The collaborators hope to install additional cameras at sites like the Golden Gate Bridge, Alcatraz Island or other ferries. The dream, researchers say, is to create a network that could track individual whales “the same way you can track a bus as you’re waiting at the bus station with its approach, the arrival of your Amazon delivery truck, your Waymo,” Douglas McCauley, an ecologist who leads UC Santa Barbara’s Benioff Ocean Science Laboratory, tells the Bay Area News Group. “If we could do it for Amazon delivery trucks, we ought to be able to do it for, arguably, a more important use case.”
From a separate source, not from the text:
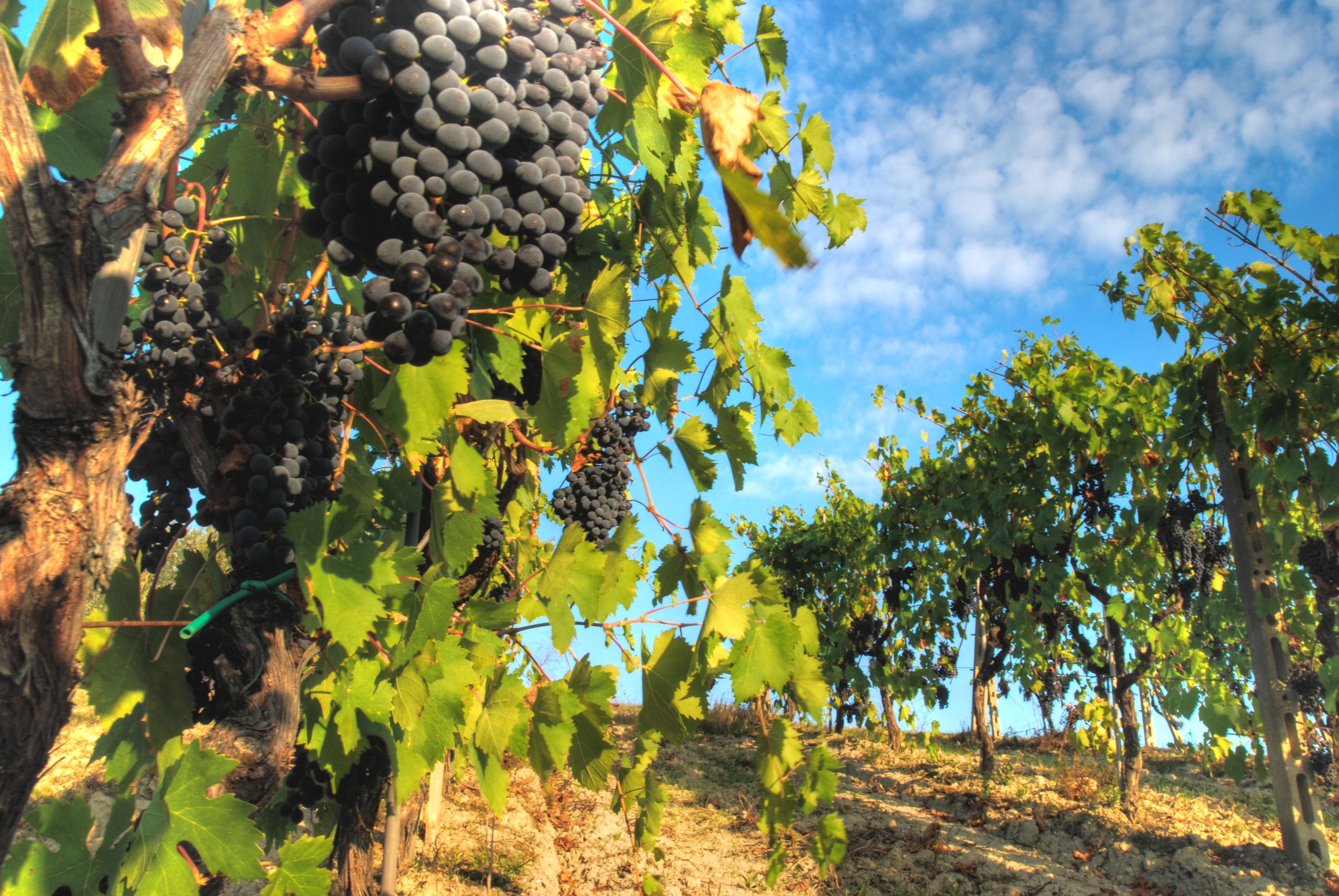 Sangiovese grapes on the vine in the Italian wine region of Chianti

Researchers suspect gray whales have been venturing into San Francisco Bay because they are hungry. They spend their summers in the nutrient-rich waters of the Arctic, where they eat small protein-packed crustaceans called amphipods. But as climate change heats up the Arctic, amphipods are declining—which means gray whales are struggling to find enough food to power their long migrations to their breeding grounds near Mexico. As they travel along the coast of California, the starving and malnourished whales are ducking into San Francisco Bay in search of a meal.

However, many of the gray whales that swim into the Bay wind up dead. A study published in April in the journal Frontiers in Marine Science found that 18 percent of the identifiable whales that entered the Bay from 2018 to 2025 did not survive. Around 40 percent of the whale carcasses the team found during that time showed that the animals suffered lethal injuries from collisions with vessels. And those were just the instances scientists could confirm—they suspect the true number of fatalities is even higher.

The Bay is “the worst place possible in terms of all the ship traffic,” Rachel Rhodes, a data scientist at UC Santa Barbara’s Benioff Ocean Science Laboratory, tells the AP.

Overall, the gray whales that migrate along the West Coast, known as the eastern North Pacific population, have declined to about 13,000 individuals in recent years, the lowest number since the 1970s. That’s a sharp decrease from the 27,000 individuals estimated in 2016, so efforts to reduce human-caused whale deaths have taken on added urgency.

“Every single whale that comes in the Bay, we gotta get back out,” McCauley tells National Geographic’s Annie Roth. “If ever there was a moment to even be doing incremental gains, it would be right now.”